Summer Skyshift

Summer Skyshift

RED trio + John Butcher

Known for the way they manage the energy factor, going from extreme subtlety, almost near-silence, to aggressive noise making, Rodrigo Pinheiro, Hernâni Faustino and Gabriel Ferrandini, the members of Red Trio, brought sharp ears to their presentation with John Butcher as guest during last year’s Jazz em Agosto festival. “Summer Skyshift” is the recording of that concert in Lisbon. The music is very different from that on their studio LP together, “Empire”, enabling us to discover new aspects of this project. If not serene, considering the permanent unrest of these musicians, their state of mind opened the music to an astonishing lyricism. Free and abstract as ever, but with an unusual poetic dimension. This frame was profited by Butcher in the best way, as you can testify here. The British saxophonist is a master of meditative playing, and many of his best performances have that kind of focus. During the “Empire” tours, the same John Butcher used to take his Portuguese companions out from any jazz comfort zones, but this time he accepted to be pushed in. At the end of the album, he seems in love with the phrasing and the sound of John Coltrane. When he makes the soprano saxophone sound like a flute, with Pinheiro behind him weaving a spider net with the highest notes of the piano, the only thing you can say is «Wow!». Prepare yourself for that…

Musicians

John Butcher (soprano and tenor saxophones)
Rodrigo Pinheiro (piano)
Hernâni Faustino (doublebass)
Gabriel Ferrandini (drums and percussion)

Credits

All music by Rodrigo Pinheiro, Hernani Faustino, Gabriel Ferrandini and John Butcher

Recording August 5th at the Jazz em Agosto Festival 2015, by João Paulo Nogueira | Mixed by John Butcher | Mastered by Rodrigo Pinheiro
Produced by RED trio and John Butcher | Executive Production by Pedro Costa | Band photo by © Gulbenkian Música / Márcia Lessa | Artwork by Travassos

We would like to thank Rui Neves and Calouste Gulbenkian Foundation for making this concert possible.

Release date
May 13, 2016
Label
Clean Feed Records - CF372CD
Disc format
CD

Reviews

It's always interesting to see how certain combinations work together and RED Trio has proven to be extremely versatile, releasing albums with Lotte Anker, Nate Wooley, Mattias Stahl, among others. However, sometimes a collaboration becomes its own thing and to my ears, that is the case here - this a quartet that has really latched onto something unique in their fiery crescendos and passionate forays. Summer Skyshift has certainly landed on my top ten lists for the year.

This one is a definite cork-popper, a model of extraordinarily productive four-way inspiration. Strongly recommended!

Whether cause or effect, on this set Rodrigo Pinheiro mixes his accustomed piano manipulations with flowing lines and emphatic minimalist patterns. Indeed at times especially during "1.1" and "1.3," the foursome recall the Schlippenbach Trio at full tilt.

Pianist Rodrigo Pinheiro alternates ferocious fusillades of notes that skirt the density of white noise with more calculated constructions. [...] Whatever the listener-attempted idiomatic label- and the music does a consistent job resisting the application of any reductive placard- the results are continuously engaging and well worth revisiting.

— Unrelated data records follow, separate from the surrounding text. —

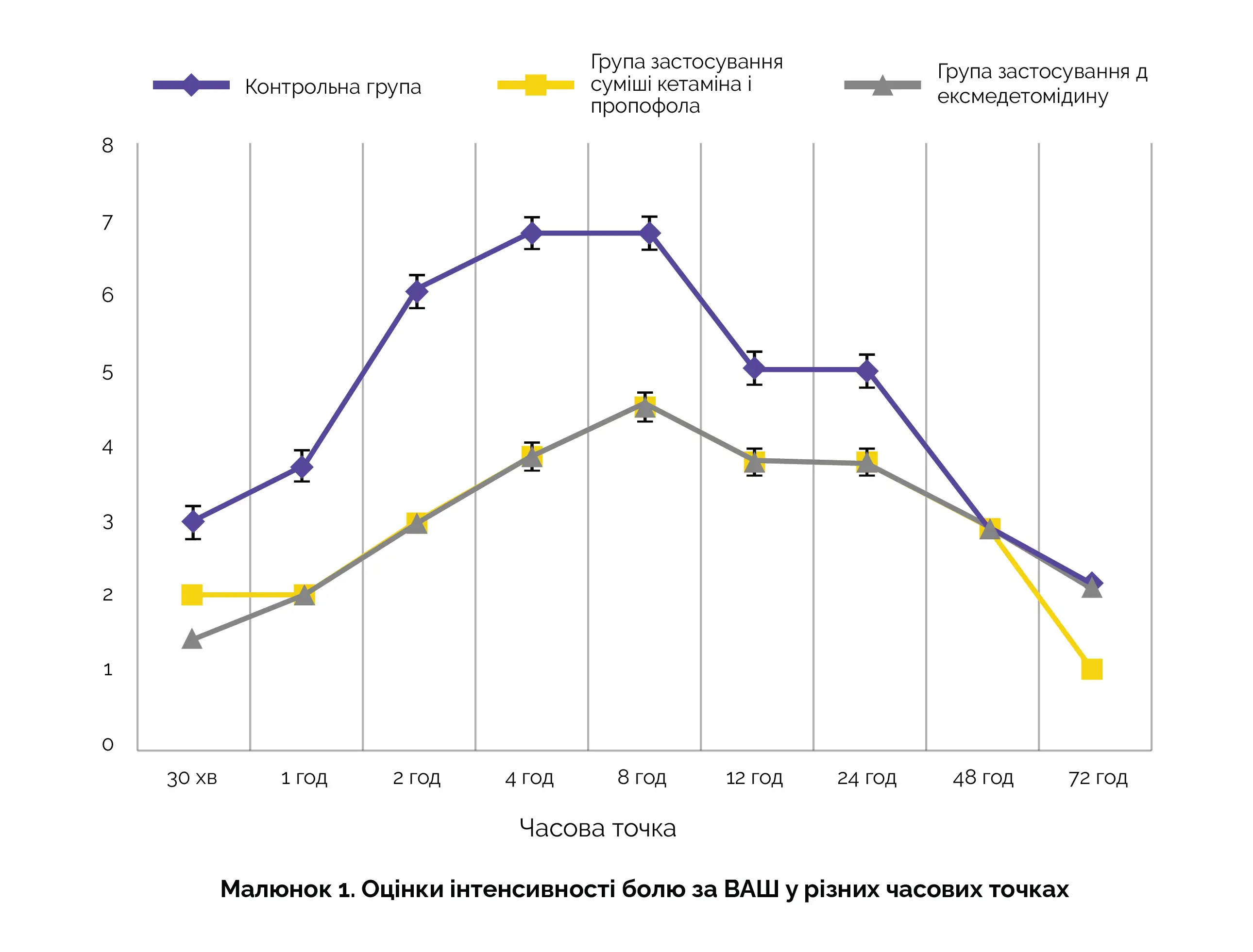 Основною кінцевою точкою дослідження була частота розвитку післяопераційного делірію. Додатковими кінцевими точками були частота розвитку післяопераційної ажитації (збудження), післяопераційного болю, обсяг застосування резервних опіоїдів, зміни показників гемодинаміки та розвиток небажаних явищ. У всіх часових точках частота розвитку післяопераційного делірію була статистично значуще нижче в групах D і K порівняно з групою C. Крім того, оцінки інтенсивності болю за візуальною аналоговою шкалою (ВАШ) у цих групах були статистично значуще нижчими в порівнянні з контрольною групою у всіх часових точках за винятком 48 і 72 годин після операції, коли у всіх трьох групах значення були зіставні (див. рисунок 1).
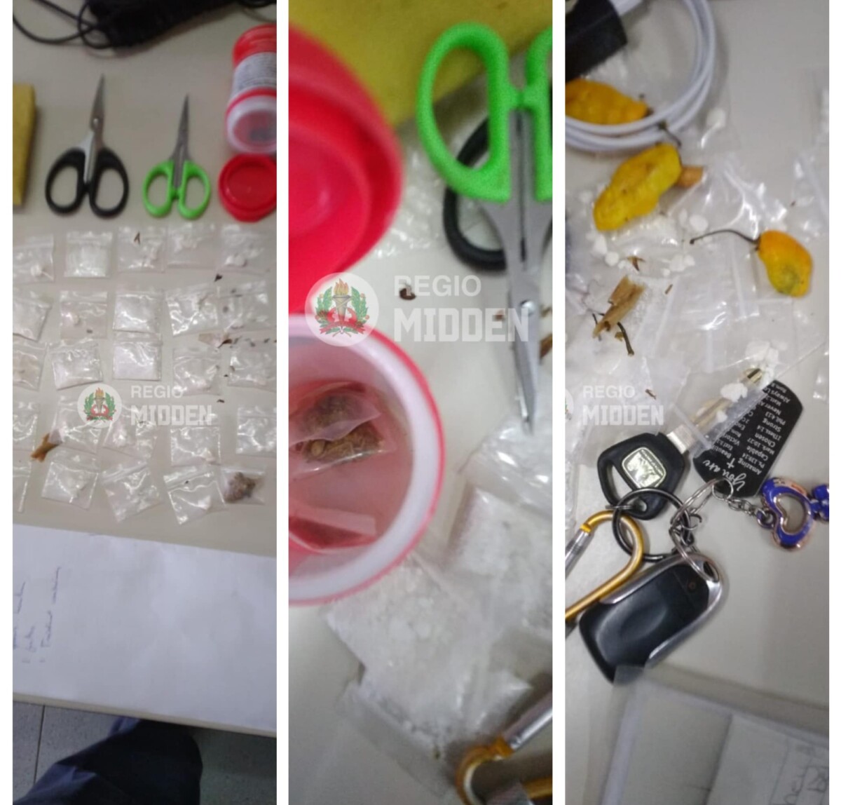 De man had twee mannelijke passagiers in zijn auto. Een van hen, die een tas bij zich droeg, begon zich verdacht te gedragen. Naar aanleiding hiervan stelde de politie een nader onderzoek in en trof in zijn tas een zakje met een witte substantie aan, vermoedelijk cocaïne, met een gewicht van 17 gram. Daarnaast werden in een kauwgom blikje drie zakjes met gedroogde bladeren aangetroffen, die op marihuana leken, evenals 30 ziplock zakjes. De vermoedelijke drugs werden in beslag genomen voor verder onderzoek.
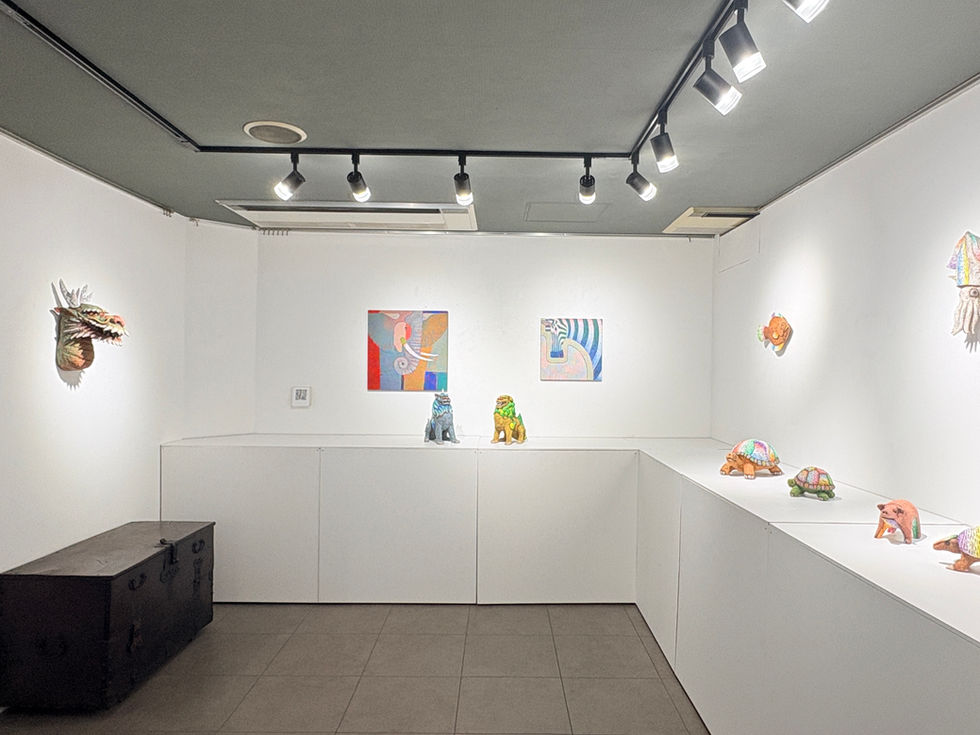 本展「ホシノカタチ」では、絵画制作で培われた色彩感覚を立体表現へと取り入れ、金丸が考える「生命の形」を表現します。 獅子(狛犬)、ブタ、カメ、アルマジロ、龍頭、タコ、イカ、カレイなど、多様な生き物をモチーフとした作品を約20点展覧いたします。

This second collaboration with UK saxophonist John Butcher – following on from 2011's Empire – wastes no time in stirring up a swift, swirling vortex of intense activity with pianist Pinheiro's imagination shooting off into brief, blazing ideas like rockets in a deep blue sky, while the bass and drums team of Faustino and Ferrandini crash and rage. In this context, Butcher – often stereotyped as a clinical, cerebral stylist – lets rip with some muscular tenor technique, spitting out restless blasts and brays and even flat-lining into the kind of trilling trance-growl Coltrane employed from around 1965 onwards. It's turbulent European free-jazz for turbulent times. We need it.

RED Trio’s second album Empire, released in 2011, was a collaboration with Butcher, and they’ve continued to build a mutually stimulating rapport since. The young Portuguese piano trio specialise in a swift, swirling energy, with bassist Hernani Faustino and drummer Gabriel Ferrandini crashing and clamouring in a restless flux of implied tempi. It’s enough to goad Butcher into muscular territory, with his tenor hurling out pops, squeaks, blasts and brays – and even plateauing on the kind of flat growl John Coltrane developed around 1965. Freefalling down the other side of the peak, the four musicians settle into an extended shimmer, with pianist Rodrigo Pinheiro scampering skittishly while Butcher’s soprano demonstrates an intensely maintained and held overtone technique, glinting in the light like a fresh scalpel blade.